The card shows a vertical stack of instruction sources ordered by trust. Developer policy sits at the top. System and application messages follow. User messages sit lower. Tool and retrieval output anchor the bottom as untrusted. Arrows point upward with a note that lower layers must yield when they conflict with higher ones. The visual is a priority stack, not a single prompt string.
The mechanism is training and formatting together. Some frontier models learn during alignment that certain message classes outrank others, similar to how operating systems treat kernel policy over userland input. APIs may expose message types or metadata so the runtime can apply those priorities at inference. Without that structure, every token has equal surface form and the model must guess intent from phrasing alone, which injection exploits.
Instruction hierarchy does not replace external controls. It raises the bar for attacks that hide commands in web pages or email bodies by giving the model a default bias toward developer rules. It can still fail under novel jailbreaks, long contexts, or tasks where user text legitimately needs to override defaults. Combine hierarchy with delimiters, tool permissioning, and output validation.

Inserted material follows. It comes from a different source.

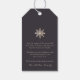 Mit diesem eleganten Snowflake Holiday-Geschenktag stärken Sie Ihr Geschenkspiel. Die Vorderseite präsentiert eine atemberaubende metallische Schneeflocke auf dunklem, natürlichem Hintergrund und verleiht Ihren Geschenken eine Touch Eleganz. Die herzliche Nachricht "Happy Holidays with Warm Wwünscht this Holiday Season" vermittelt Ihnen Ihre feierlichen Grüße schön. Auf der Rückseite finden Sie eine kleinere Schneeflocke, begleitet von einer warmen und herzlichen Botschaft, die eine persönliche Verbindung zu Ihren Empfängern schafft. Passen Sie den Text an, und fügen Sie Ihren Familiennamen für diese zusätzliche personalisierte Touch hinzu. Dieses vielseitige Geschenkschild ist das perfekte Dekor für Ihre Urlaubspakete und fügt Ihren wohlüberlegten Geschenken ein einzigartiges und charmantes Element hinzu. Freude und Feiertagsjubiläum mit jedem Geschenk verteilen, geschmückt mit diesem eleganten und anpassbaren Tag.

In application design, map your real trust zones onto the stack. Put immutable safety and formatting rules in developer or system slots. Keep end-user requests in user slots. Wrap RAG chunks and tool JSON in the lowest tier and label them as untrusted evidence, not commands. Test conflicts deliberately: if a user says “ignore system rules,” the model should refuse per policy. The card’s takeaway is explicit precedence: not all instructions are equal, and deployments should encode that inequality rather than hoping one paragraph wins.